From the line containing "En cuanto a" through the last line of the data, both ends included, write out every line exactly; omit the pictures.

▶ _DATA SECTION_
+ + + +

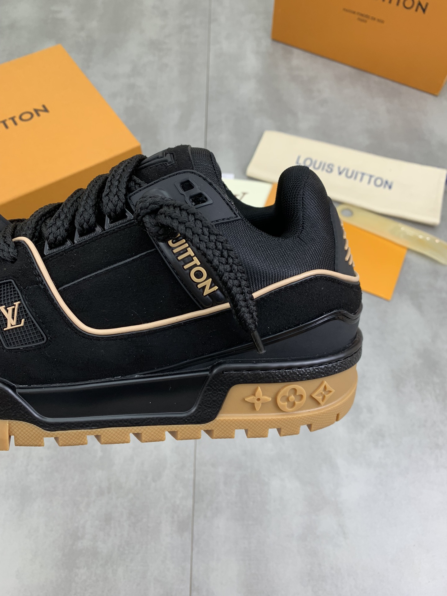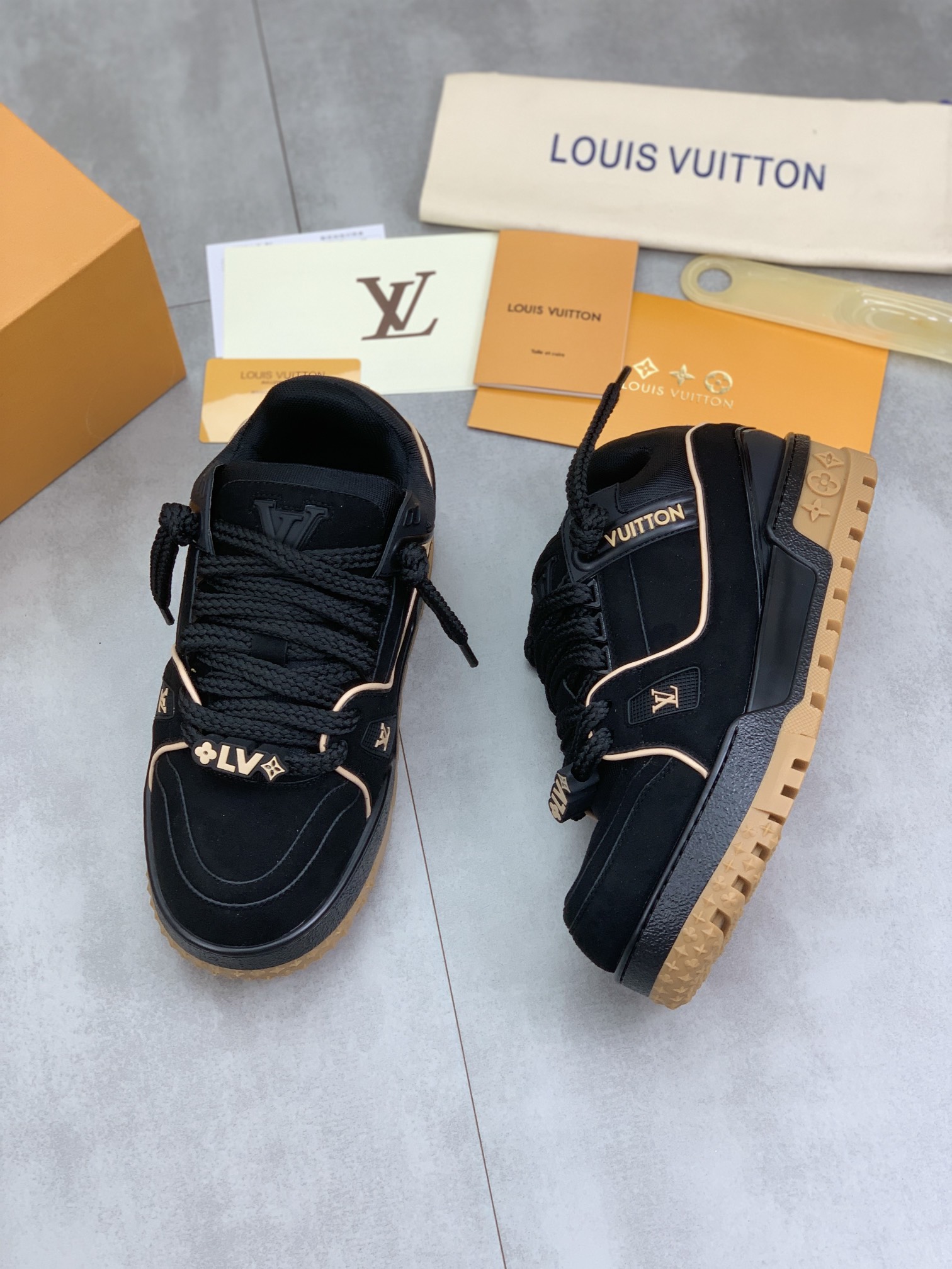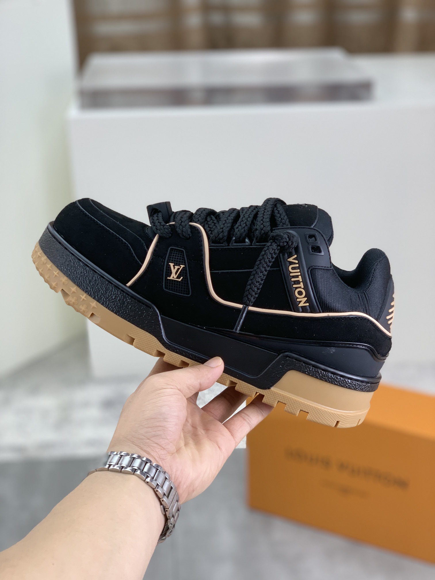 This shoes is AAAAA 1:1 quality (superb). Materials used are identical to the original ones. Louis Vuitton trademark marks are indistinguishable to the authentic. Photos take by actual shoes, what you receive will be 100% same with our photos.
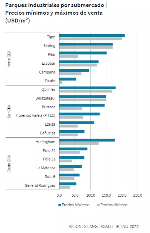 En cuanto a los terrenos en parques industriales, el precio promedio solicitado alcanzó los USD 102,3 por m², representando un incremento del 4,2 % respecto al semestre anterior. Zona Norte GBA destacó con un rango de precios que osciló entre USD 10 y USD 208 por m². Mientras tanto, en Zona Oeste GBA los valores variaron entre USD 35 y USD 177 por m², y en Zona Sur GBA se ubicaron entre USD 60 y USD 180 por m².
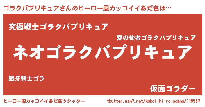 | 意味不明あだ名 | 『永久保存ゴラクバプリキュア』 |
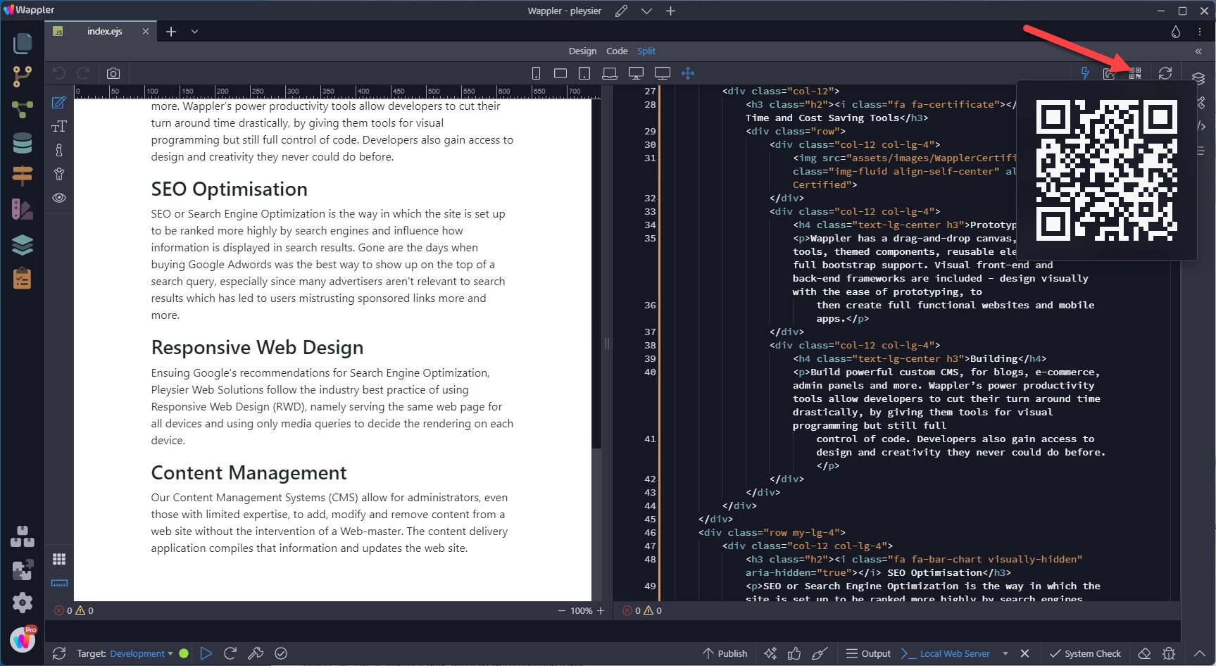 Following an Adobe tutorial it mentions scanning a QR code with my iPhone to see the responsive web page that I am creating. My panel is blank. No QR code or browsers listed. I can see both browsers listed in preferences. I can view in a browser and see it change if I alter the width of the screen. I hope that it is still possible to see on different devices in real time.

+ + + +

▶ _RESULT BELOW_
 En cuanto a los terrenos en parques industriales, el precio promedio solicitado alcanzó los USD 102,3 por m², representando un incremento del 4,2 % respecto al semestre anterior. Zona Norte GBA destacó con un rango de precios que osciló entre USD 10 y USD 208 por m². Mientras tanto, en Zona Oeste GBA los valores variaron entre USD 35 y USD 177 por m², y en Zona Sur GBA se ubicaron entre USD 60 y USD 180 por m².
 | 意味不明あだ名 | 『永久保存ゴラクバプリキュア』 |
 Following an Adobe tutorial it mentions scanning a QR code with my iPhone to see the responsive web page that I am creating. My panel is blank. No QR code or browsers listed. I can see both browsers listed in preferences. I can view in a browser and see it change if I alter the width of the screen. I hope that it is still possible to see on different devices in real time.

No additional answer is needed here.